Are Basrah and Fallujah just sentinels of a wider crisis? In an initial effort to find out, the World Health Organization has helped Iraq’s health ministry sample birth-defect incidence across eight regions of the country. The survey is reportedly finished, but the findings are still under review in Baghdad. (Our calls to the health ministry weren’t returned.) Whatever the survey turns up, Savabiesfahani is deeply worried about the trends already documented in Basrah and Fallujah. “We can’t wish this away,” she says. “We need immediate efforts to identify and clean up the sources of hazardous waste. We can’t let this fester the way Agent Orange did in Vietnam.”
The brain drain. Unfortunately, the wars that spawned Iraq’s myriad health challenges have also robbed it of the capacity to address them. The country has lost more than half of its physicians since 2000 (20,000 out of 34,000), and though 1,500 to 1,800 Iraqis are now completing medical degrees each year, a fourth of them are leaving the country. Dr. Nabil Al-Khalisia, an Iraqi physician who fled to the United States in 2010, has since surveyed others in Iraq and around the world, and his findings aren’t encouraging. As he told the Lancet in an interview published last week, more than half of the doctors he surveyed in June 2011 said they had been threatened. Of those still working in Iraq, 18% had survived assassination attempts and nearly half said they still planned to leave the country.

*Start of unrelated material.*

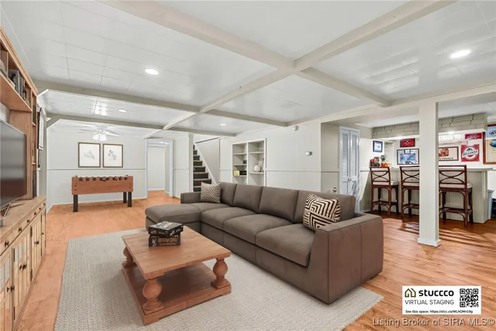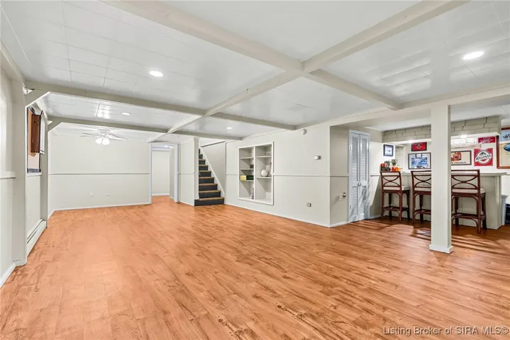 Upstairs, the primary suite includes a large bedroom area, multiple closets, and a private updated bath. The finished basement offers over 1,000 sq ft of additional living space, complete with a bar area and a bonus room perfect for a fourth bedroom or home office.

This gutting of the health system doesn’t affect all Iraqis equally. “We do see some advances in urban areas,” says Dr. Gustavo Fernandez of Médecins Sans Frontières (Doctors Without Borders), who headed the organization’s Iraq mission from 2008 to 2010. “But services have deteriorated dramatically outside the cities. The health centers have no staff or supplies, and very few international organizations have enough security protection to work outside of major population centers.” As a result, he says, “a significant part of the population lacks the most basic health care to this day.”
To Burkle, the man who ran the Iraqi health ministry at that critical moment in 2003, what makes this all so tragic is its predictability. “State and DoD both had excellent technical staff,” he recalls. “We saw this coming, but Rumsfeld was disconnected from reality and the administration’s political people knew nothing about the region, the people, the history of armed conflict or the nature of complex humanitarian disasters.” After returning home from Baghdad and leaving USAID, Burkle briefly returned to a previous post at Johns Hopkins. But when he published his withering 2004 critique of the administration’s humanitarian response, right-wing bloggers labeled him a traitor and his Hopkins colleagues started hinting he should resign to protect the university’s good relationships with federal granting agencies. “It was a very dark time,” he says. “When I left, people assumed I must have done something horrible.”
Now in his 70s, Burkle works from home in Hawaii, where serves as a Senior Fellow and Scientist for the Harvard Humanitarian Initiative and a Senior International Public Policy Scholar for the Woodrow Wilson International Center for Scholars. He regrets only that the “Iraqi people” of President Bush’s grandiose 2003 speech have seen so little of the good life he promised.